Skip the pictures and copy all the data that follows exactly.

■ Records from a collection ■
----------

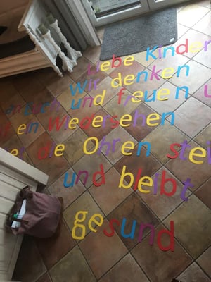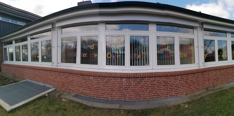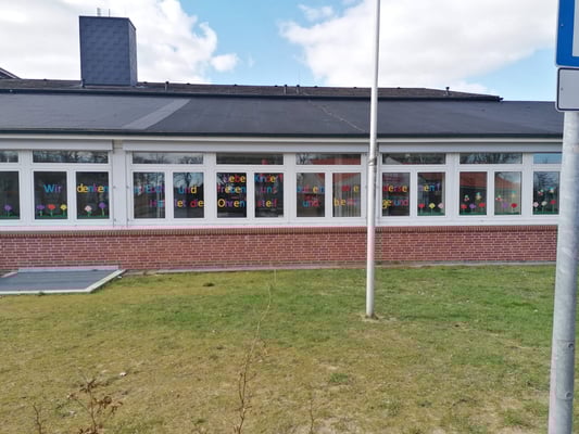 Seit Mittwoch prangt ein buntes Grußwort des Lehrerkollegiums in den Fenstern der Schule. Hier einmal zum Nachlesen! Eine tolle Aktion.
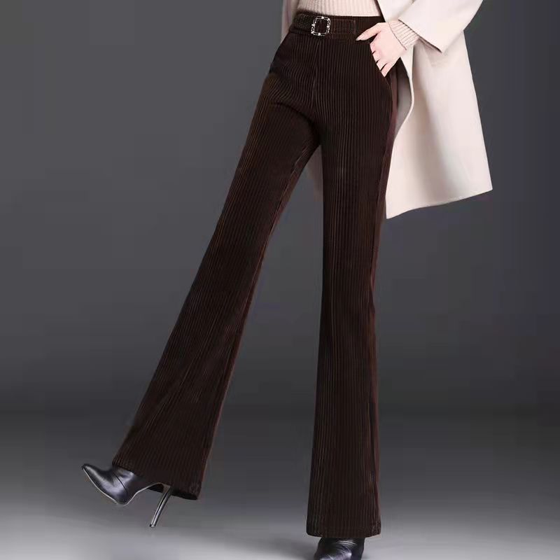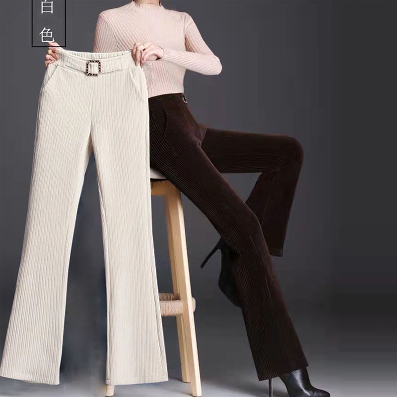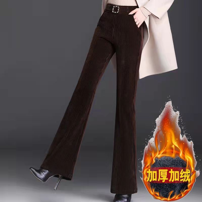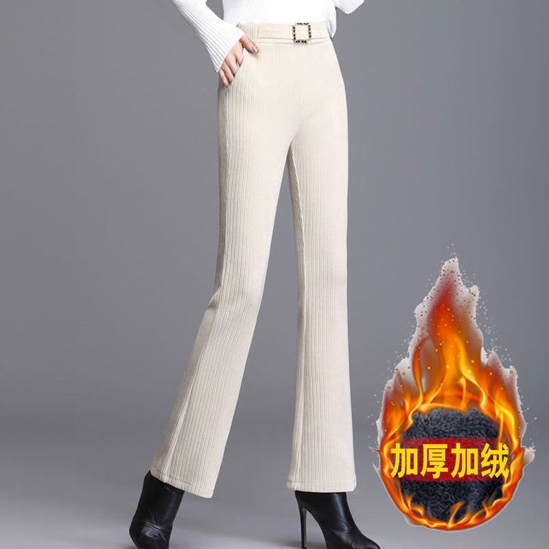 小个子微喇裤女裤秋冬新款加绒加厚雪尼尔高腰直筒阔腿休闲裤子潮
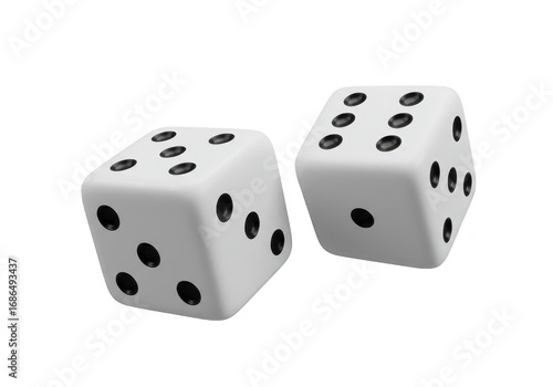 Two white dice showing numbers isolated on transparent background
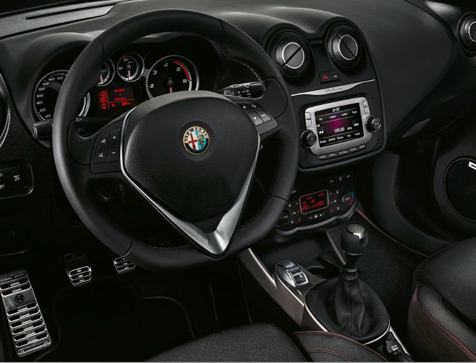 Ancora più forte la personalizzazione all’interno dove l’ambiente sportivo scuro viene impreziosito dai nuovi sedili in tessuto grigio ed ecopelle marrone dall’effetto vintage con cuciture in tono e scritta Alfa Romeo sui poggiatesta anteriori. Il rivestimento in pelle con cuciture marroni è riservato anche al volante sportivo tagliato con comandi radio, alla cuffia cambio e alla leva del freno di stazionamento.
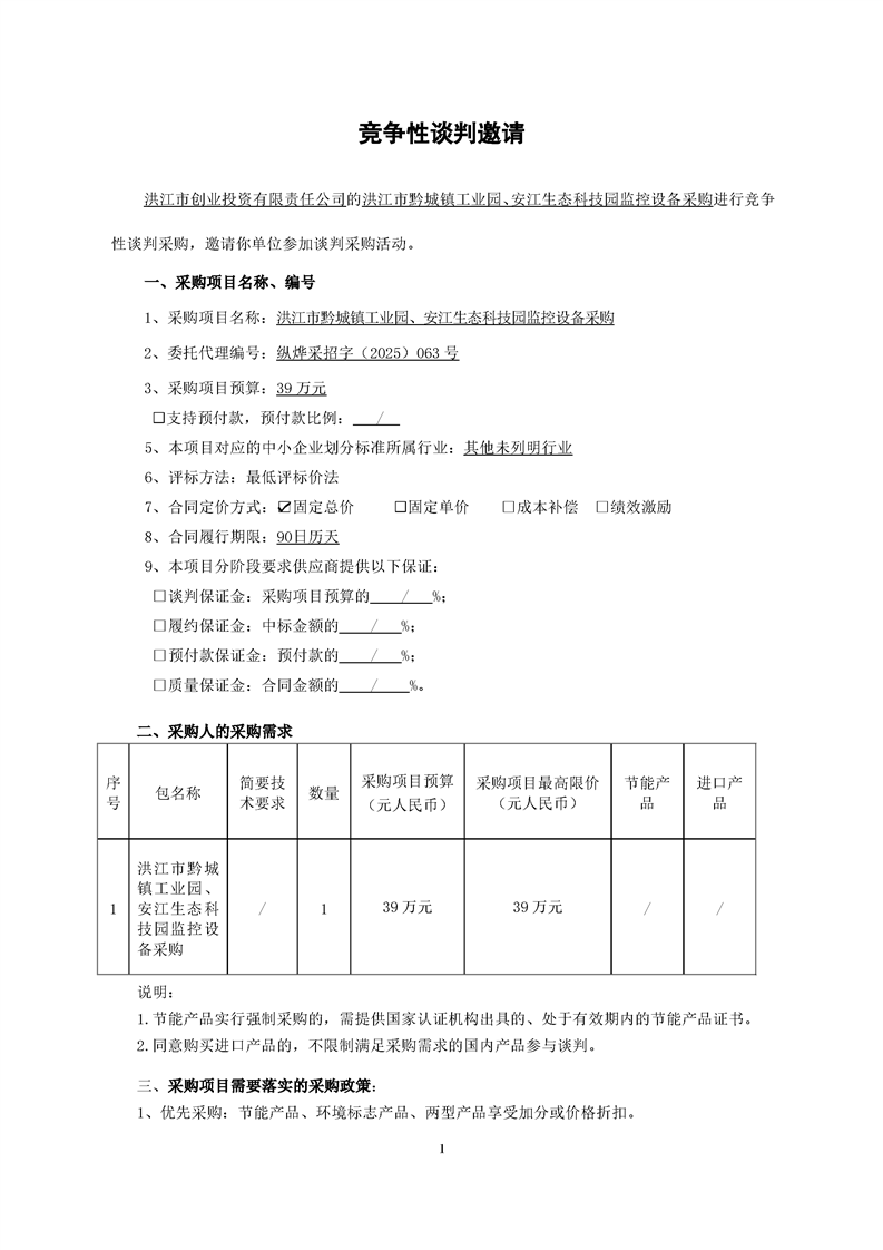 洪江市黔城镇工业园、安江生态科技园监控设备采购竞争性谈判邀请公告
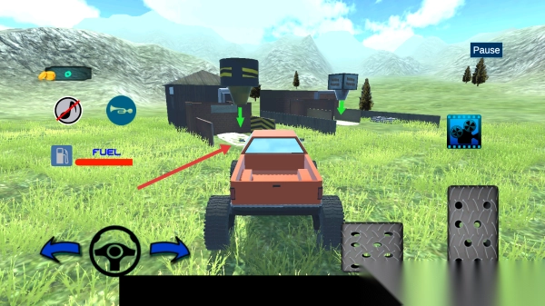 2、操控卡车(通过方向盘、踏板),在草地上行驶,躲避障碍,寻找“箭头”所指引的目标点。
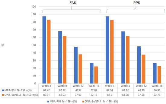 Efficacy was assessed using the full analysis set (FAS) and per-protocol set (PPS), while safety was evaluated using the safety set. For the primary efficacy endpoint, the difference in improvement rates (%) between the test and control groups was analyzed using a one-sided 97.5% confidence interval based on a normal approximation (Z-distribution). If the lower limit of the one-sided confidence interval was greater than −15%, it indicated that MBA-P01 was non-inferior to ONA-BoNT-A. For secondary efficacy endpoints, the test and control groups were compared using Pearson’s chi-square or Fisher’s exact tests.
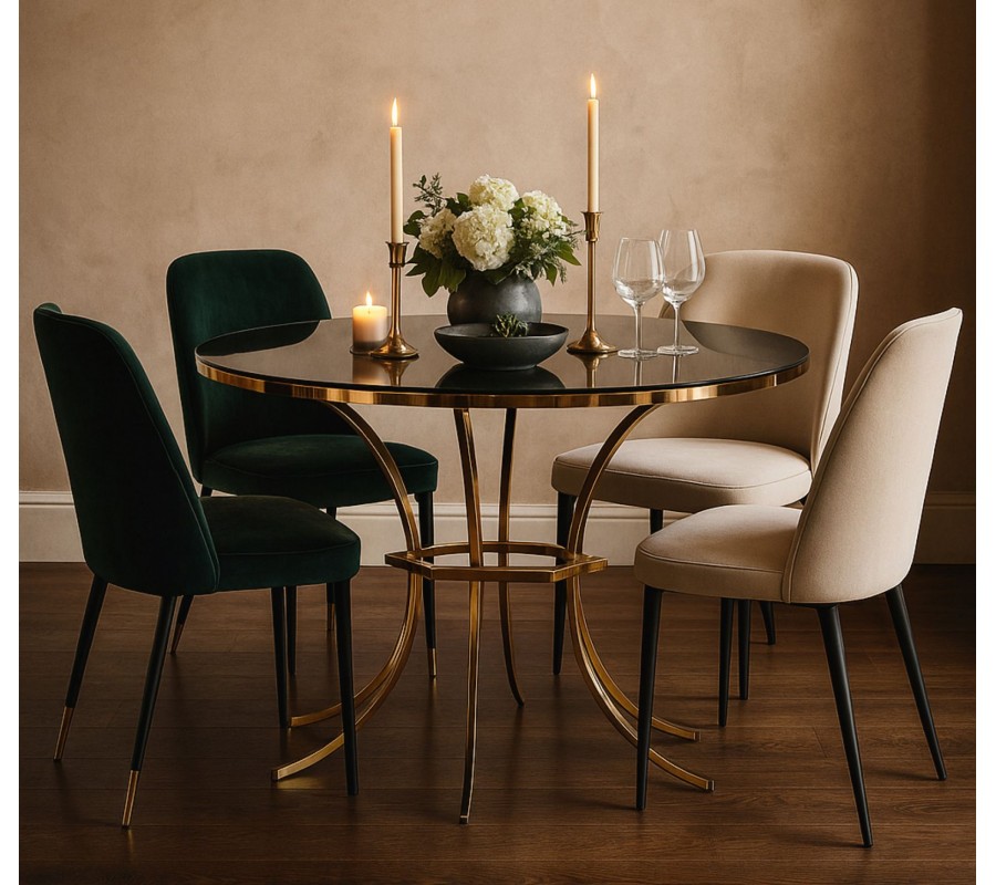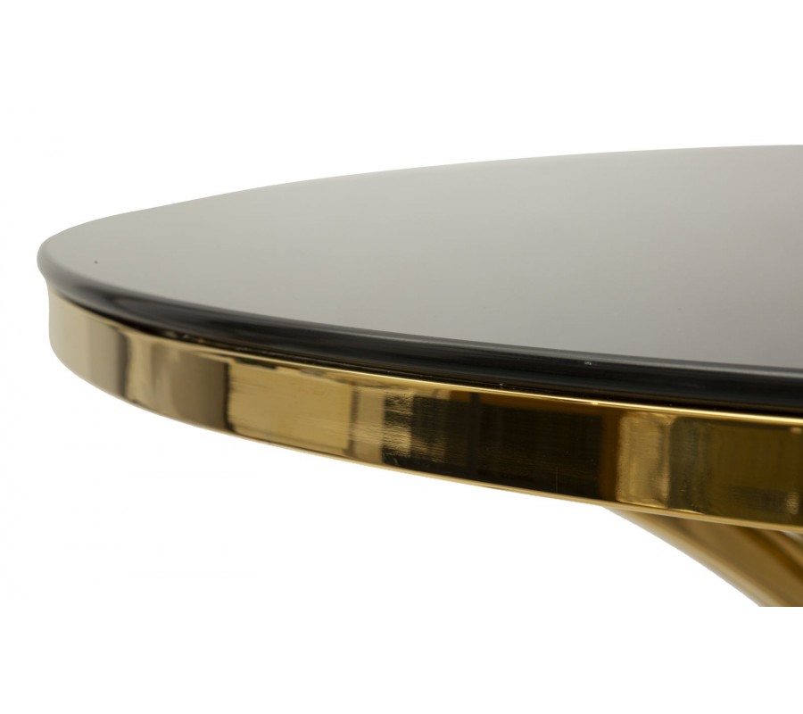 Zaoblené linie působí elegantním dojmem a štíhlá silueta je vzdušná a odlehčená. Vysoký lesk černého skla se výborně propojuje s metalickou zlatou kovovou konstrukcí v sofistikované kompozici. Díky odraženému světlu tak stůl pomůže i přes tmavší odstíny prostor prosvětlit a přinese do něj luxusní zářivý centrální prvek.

----------

■ REPLY TO THE EXERCISE ■
 Seit Mittwoch prangt ein buntes Grußwort des Lehrerkollegiums in den Fenstern der Schule. Hier einmal zum Nachlesen! Eine tolle Aktion.
 小个子微喇裤女裤秋冬新款加绒加厚雪尼尔高腰直筒阔腿休闲裤子潮
 Two white dice showing numbers isolated on transparent background
 Ancora più forte la personalizzazione all’interno dove l’ambiente sportivo scuro viene impreziosito dai nuovi sedili in tessuto grigio ed ecopelle marrone dall’effetto vintage con cuciture in tono e scritta Alfa Romeo sui poggiatesta anteriori. Il rivestimento in pelle con cuciture marroni è riservato anche al volante sportivo tagliato con comandi radio, alla cuffia cambio e alla leva del freno di stazionamento.
 洪江市黔城镇工业园、安江生态科技园监控设备采购竞争性谈判邀请公告
 2、操控卡车(通过方向盘、踏板),在草地上行驶,躲避障碍,寻找“箭头”所指引的目标点。
 Efficacy was assessed using the full analysis set (FAS) and per-protocol set (PPS), while safety was evaluated using the safety set. For the primary efficacy endpoint, the difference in improvement rates (%) between the test and control groups was analyzed using a one-sided 97.5% confidence interval based on a normal approximation (Z-distribution). If the lower limit of the one-sided confidence interval was greater than −15%, it indicated that MBA-P01 was non-inferior to ONA-BoNT-A. For secondary efficacy endpoints, the test and control groups were compared using Pearson’s chi-square or Fisher’s exact tests.
 Zaoblené linie působí elegantním dojmem a štíhlá silueta je vzdušná a odlehčená. Vysoký lesk černého skla se výborně propojuje s metalickou zlatou kovovou konstrukcí v sofistikované kompozici. Díky odraženému světlu tak stůl pomůže i přes tmavší odstíny prostor prosvětlit a přinese do něj luxusní zářivý centrální prvek.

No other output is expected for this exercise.